Chocolate Macaroon Cake


cakes, desserts

----CAKE----
2 cup flour, sifted
1 3/4 cup sugar
1/2 cup unsweetened cocoa
1 teaspoon salt
1 teaspoon soda
2 teaspoon vanilla
3/4 cup water
1/2 cup shorting
1/2 cup sour cream
4 eggs, reserve 1 for filling
----COCONUTMACAROON FILLING----
1 egg white, reserved
1/4 cup sugar
1 cup coconut, grated
1 tablespoon flour
1 teaspoon vanilla
----CHOCOLATE GLAZE----
2 cup confectioners' sugar
1 tablespoon butter
1/2 teaspoon vanilla
3 tablespoon milk
1/4 cup cocoa

Filling: In small bowl, beat egg white at high speed until soft peaks form. Gradually add sugar; beat until stiff peaks form. By hand, stir in coconut, flour and vanilla; blend well.
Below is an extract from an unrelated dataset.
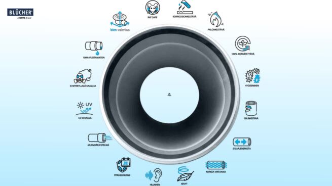 BLÜCHER® EuroPipe on kestävä ja työtunteja säästävä ratkaisu, jota voidaan käyttää maanpinnan ylä- ja alapuolella monenlaisissa sovelluksissa. Tämän muhviputkijärjestelmänpaino on vain kolmannes verrattuna perinteiseen valurautaputkesta tehtyyn ratkaisuun. Asentamiseen tarvitaan vain yksi henkilö, joten viemäröintiprojekteissa säästyyaikaa, rahaa ja työtunteja.

Set this mixture aside. Cake: In large mixing bowl, combine all ingredients; blend at low speed until moistened; beat 3 minutes at medium speed. Pour batter into greased and floured 12 cup Bundt pan. Drop teaspoonfuls of the coconut filling over the chocolate batter. Bake at 350 F. for 50-60 minutes or until cake tests done. Cool in pan 10-15 minutes. Turn out on wire rack or serving place to complete cooling. Top with Chocolate Glaze. Glaze: In small bowl, combine sugar, cocoa and butter. Add vanilla; add milk gradually to achieve desired consistency and stir until smooth.